Not that we have any predators to observe. We just have a garage with a high ceiling, a vast open space that screams “potential storage area” to my handyman (and pack-rat) husband.
Ok that, wasn’t exactly fair. Yes, he is a pack-rat, but he’s not the only one. When you combine households, as we did six years ago, you get a lot of duplication (and triplication: at one point we had three sets of washers and dryers). That duplication also comes in the form of stuff — he and I both had boxes and boxes of college textbooks, files, and the various flotsam and jetsam of life we couldn’t part with, not to mention all the paraphernalia, equipment, toys and clutter associated with the children I had then so far produced.

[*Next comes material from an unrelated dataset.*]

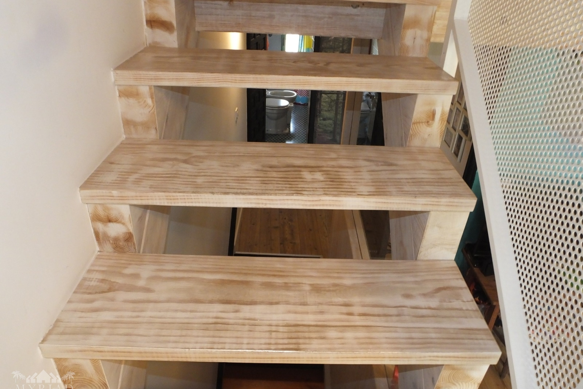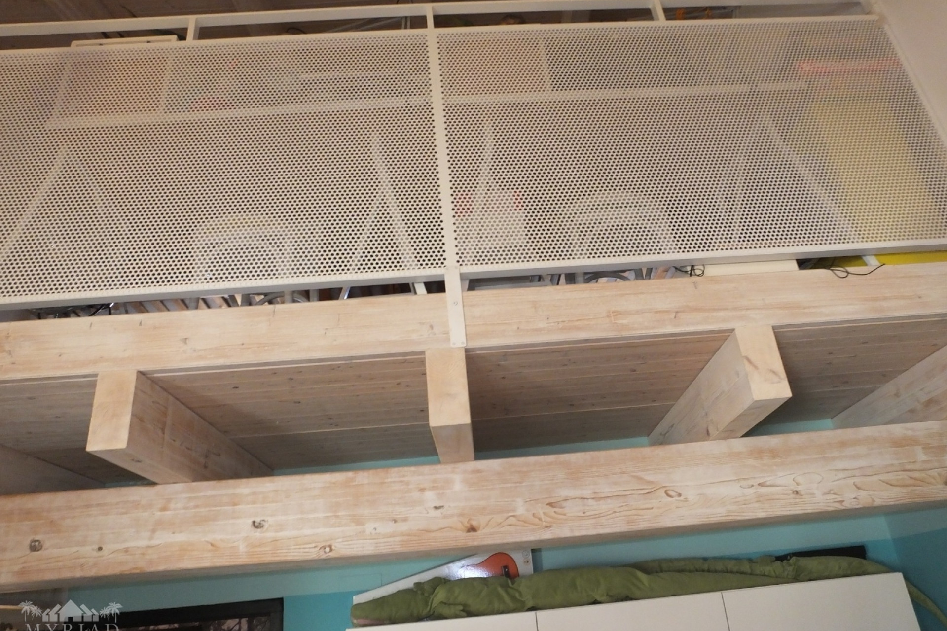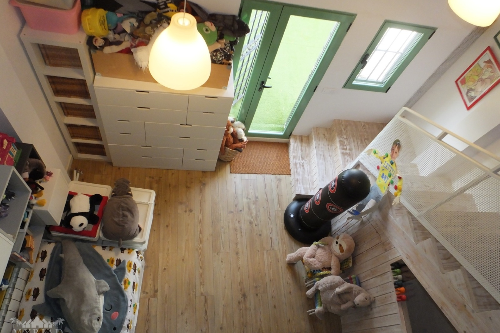 From the second bedroom, there is a staircase leading to a mezzanine level with a third bedroom and study area.

So this was his solution: affix to the high ceiling, and walls, various shelving units which could store all the things that probably would be best off out of the attic (fragile, melty stuff among them) and leave up in the attic what could be stored there (bunk beds, other furniture, suitcases).
It’s an exciting project for me because, in order to affix these various high hides to the garage ceiling, they had to be bolted to the floor above … a space otherwise known as the attic. And to accomplish the delicate task of finding the right stud to mount [stop: this is a G-rated blog] the bracket to, the attic had to be cleared of most of the things previously stored therein.
So we’ve had some boxes sitting around for a while while this project unfolded. And soon, they will go back into storage. But in the meantime let us celebrate: Tras was justifiably proud of his handiwork, once finished, and couldn’t resist demonstrating its cargo-lifting capabilities with young Trasimond, who enjoyed his trip into the high hide thoroughly. So much so that he couldn’t resist a goofy expression or two.
So now, should any prehistoric creatures threaten, we know we’ve got built-in safety measures already in place. I guess all that storage it can provide was just incidental.